## EXERCISE OBJECTIVE
Please output the lines from the one with "Nee Merk: Mercedes-Benz" through the end of the data exactly as written, omitting all pictures.

DATA EXTRACT below:

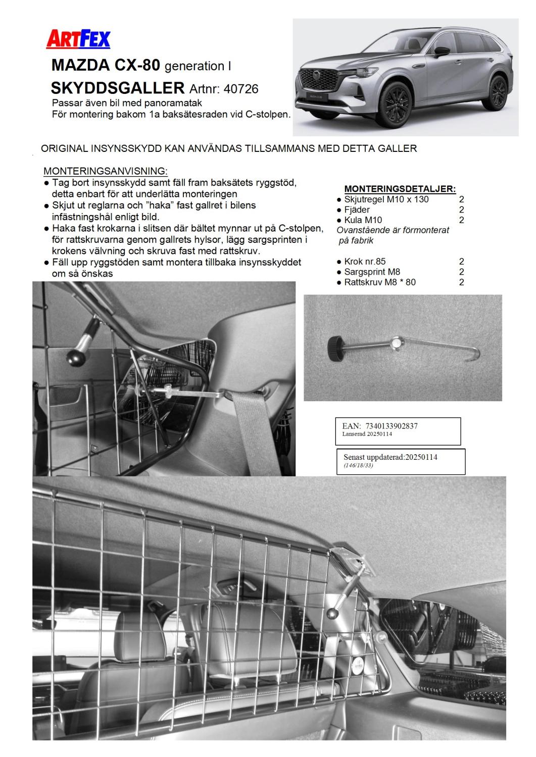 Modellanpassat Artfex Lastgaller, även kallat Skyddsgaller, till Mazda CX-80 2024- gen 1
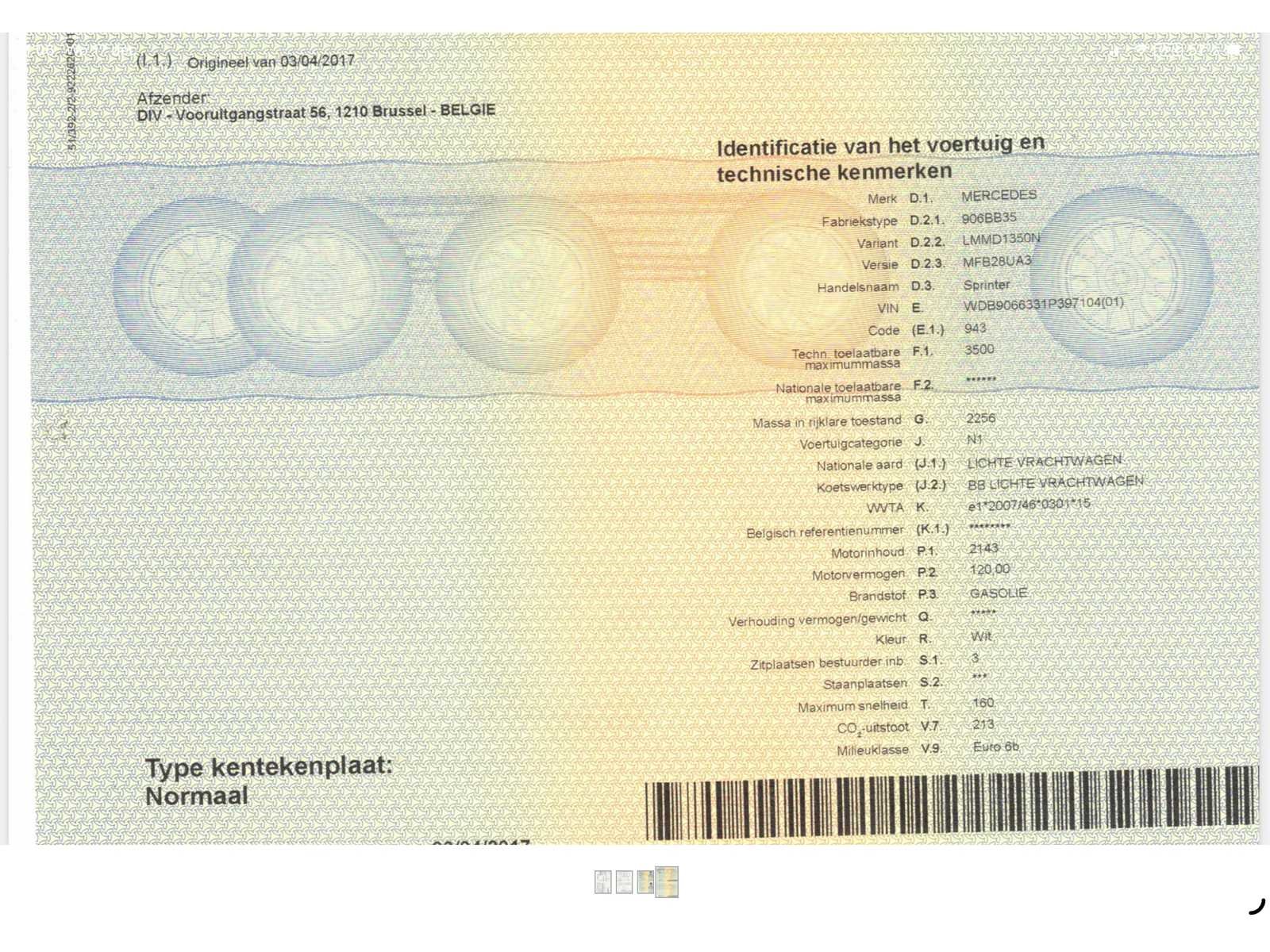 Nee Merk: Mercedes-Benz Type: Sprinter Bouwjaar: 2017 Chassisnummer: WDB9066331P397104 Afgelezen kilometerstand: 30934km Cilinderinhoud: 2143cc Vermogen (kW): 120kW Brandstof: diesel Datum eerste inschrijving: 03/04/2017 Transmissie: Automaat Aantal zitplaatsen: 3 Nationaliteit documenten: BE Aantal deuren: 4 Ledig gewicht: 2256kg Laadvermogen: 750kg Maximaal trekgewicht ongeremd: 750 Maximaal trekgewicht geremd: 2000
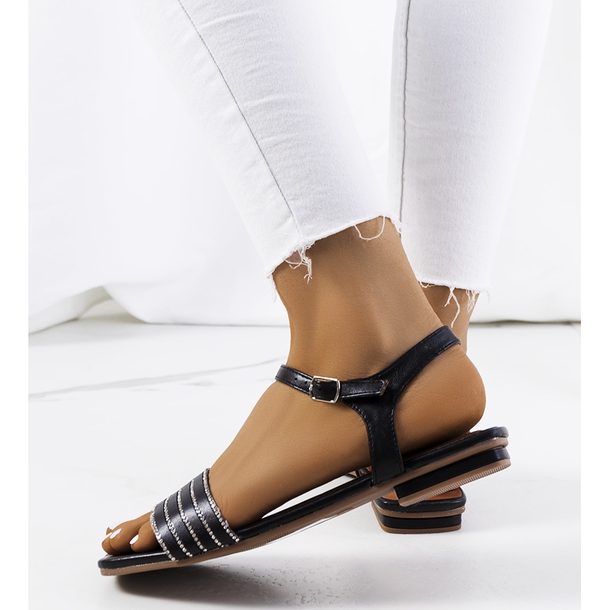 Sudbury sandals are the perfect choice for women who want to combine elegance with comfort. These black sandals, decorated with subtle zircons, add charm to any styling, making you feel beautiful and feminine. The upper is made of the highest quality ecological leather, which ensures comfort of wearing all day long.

End of DATA EXTRACT.

## OUTPUT BELOW
 Nee Merk: Mercedes-Benz Type: Sprinter Bouwjaar: 2017 Chassisnummer: WDB9066331P397104 Afgelezen kilometerstand: 30934km Cilinderinhoud: 2143cc Vermogen (kW): 120kW Brandstof: diesel Datum eerste inschrijving: 03/04/2017 Transmissie: Automaat Aantal zitplaatsen: 3 Nationaliteit documenten: BE Aantal deuren: 4 Ledig gewicht: 2256kg Laadvermogen: 750kg Maximaal trekgewicht ongeremd: 750 Maximaal trekgewicht geremd: 2000
 Sudbury sandals are the perfect choice for women who want to combine elegance with comfort. These black sandals, decorated with subtle zircons, add charm to any styling, making you feel beautiful and feminine. The upper is made of the highest quality ecological leather, which ensures comfort of wearing all day long.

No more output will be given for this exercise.